Wise Mind for the Distracted Mind

DBT for Adult ADHD

Excerpted from the full blog which you can read here:
Wise Mind for the Distracted Mind

My Own Journey

I first began to investigate how DBT might be an appropriate treatment for adult ADHD after receiving my ADHD diagnosis at around age thirty and as an intensively trained DBT practitioner. Making this early connection between DBT and my ADHD, I found core mindfulness practices to be helpful with self-acceptance, opening paths within me to become a more integrated person, as I cultivated acceptance and self-compassion, I felt less anxious about ADHD and began to soften my efforts to project a “Super Scott” facade to those around me. No one was buying that facade, by the way. More recently, my relationship with my wife Mariah, an ADHD therapist and certified coach, inspired me to learn more about ADHD per see, and to more rigorously explore adapting DBT for ADHD adults. Together, we have begun to develop Wise Mind for the Distracted Mind. We have found that the DBT skills modules do address the array of ADHD-related problems.
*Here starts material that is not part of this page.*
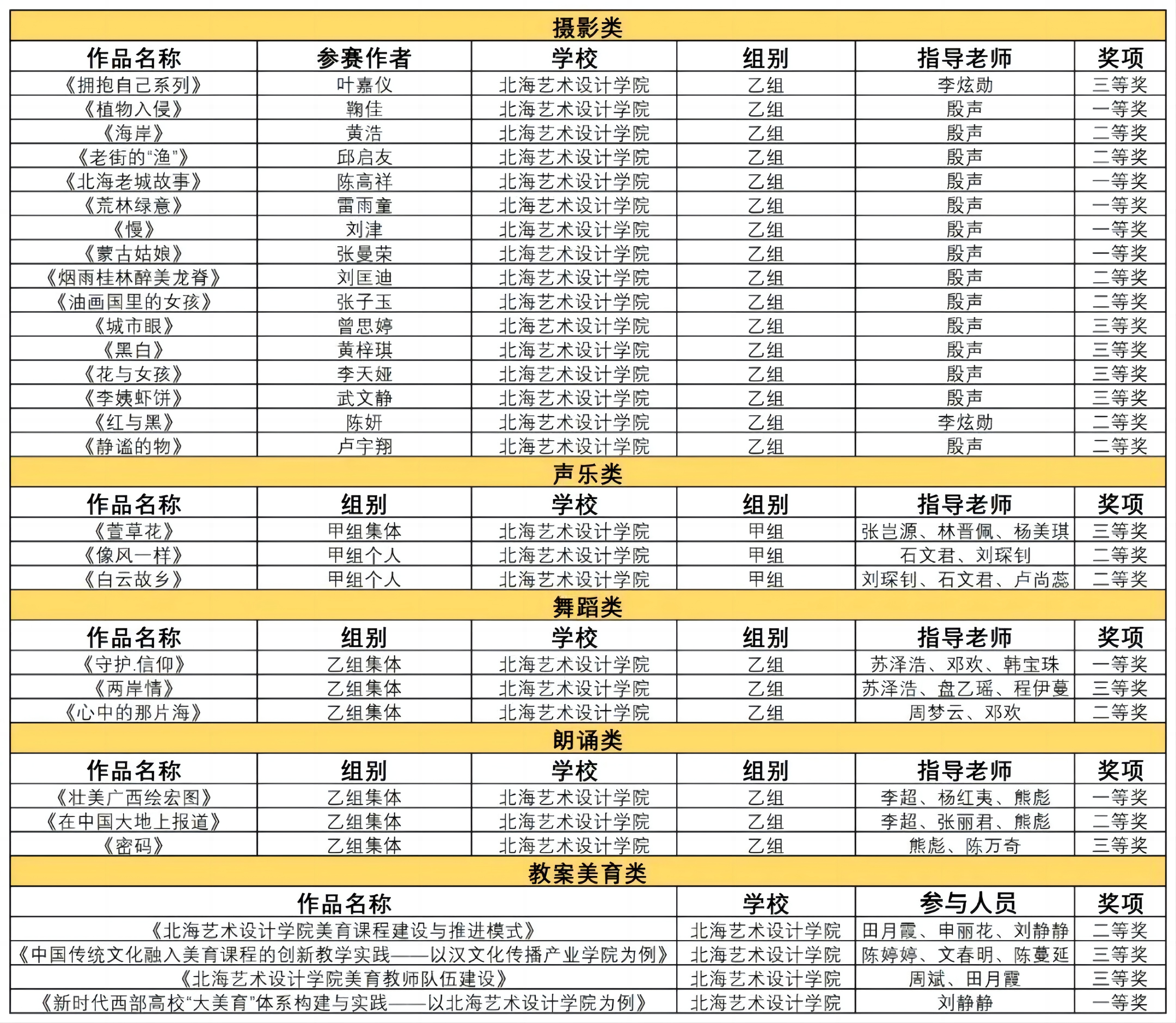 喜报|北海艺术设计学院在广西第七届大学生艺术展演活动中喜获佳绩
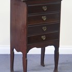 An Edwardian Arts and Crafts style mahogany music chest, fitted with four drawers, on plank supports.

Core Mindfulness and Beyond.

Core mindfulness is a framework for the practice of paying attention to present moment experiences with gentle and open curiosity that helps us to connect with our respective wise mind, a state of deep knowing in which we experience the balance of reason and emotion, and we connect with our intuition. We cultivate wise mind with the whats and hows of mindfulness. Mindfulness informs all the other skills and immediately germane to adult ADHD, mindfulness helps us increase sustained attention, task initiation, and completion, and even offset the pangs of Rejection Sensitive Dysphoria (RSD), become less subject to the negative effects of criticism or perceived criticism. Mindfulness entails a whole-person awareness, and shouldn’t be conceptually relegated to a strictly discursive or cognitive practice that takes place in the skull. As we learn mindfulness, we connect more fully with our whole selves, we cultivate mindsight as described by Daniel J. Siegel, MD. We become more integrated, relating more directly with our embodied lives, bodily sensations, thoughts, and emotions. More about this in future blogs.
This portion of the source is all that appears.